Location
- Country: United States
- State: California
- District: Mendocino County

Physical characteristics
- Source: Red Mountain, California
- • coordinates: 39°32′35″N 123°21′51″W﻿ / ﻿39.5430°N 123.3643°W
- • elevation: 778 ft (237 m)
- Mouth: South Fork Eel River
- • coordinates: 39°30′07″N 123°25′23″W﻿ / ﻿39.5020°N 123.4230°W
- Length: 11.2 mi (18.0 km)

= Cedar Creek (South Fork Eel River tributary) =

Stream in California, United States

Cedar Creek is an 11.2 mi tributary of the South Fork Eel River in Mendocino County in the U.S. state of California. The creek begins southeast of Red Mountain, at an elevation of 778 ft.

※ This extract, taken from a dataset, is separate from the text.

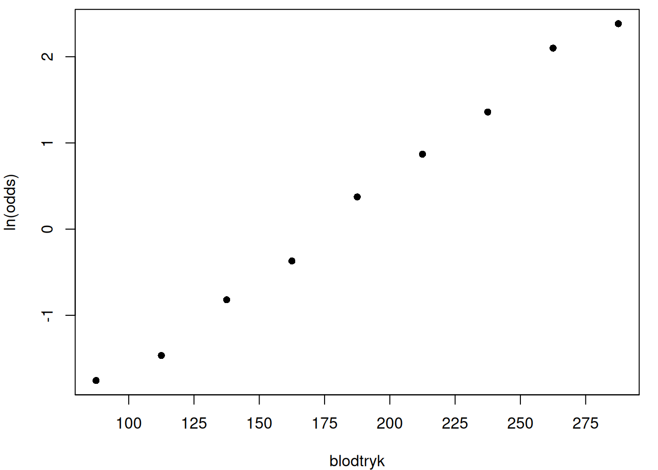 Vi ser, at oddsene for sygdom stiger med blodtrykket. Det betyder derfor også, at sandsynligheden for sygdom stiger med blodtrykket. Kigger vi på grafen, ser tendensen ikke lineær ud. Det kunne derimod ligne en eksponentiel vækst. For at bekræfte dette, laver vi samme plot på figur 7, men nu med den naturlige logaritme til oddsene \(\ln (O(p(x)))\) på \(y\)-aksen4.

It makes an S-curve west-northwest then bends sharply south, dropping into the valley of the South Fork Eel. The confluence is south of the city of Leggett, on the river's right bank. The only named tributary of Cedar Creek is Little Cedar Creek, a headwaters tributary. Big Dann Creek joins the South Fork Eel on the same bank, just upstream of Cedar Creek, while the next major tributary downstream of Cedar is Rock Creek. The Cedar Creek watershed is rugged and has few tributaries.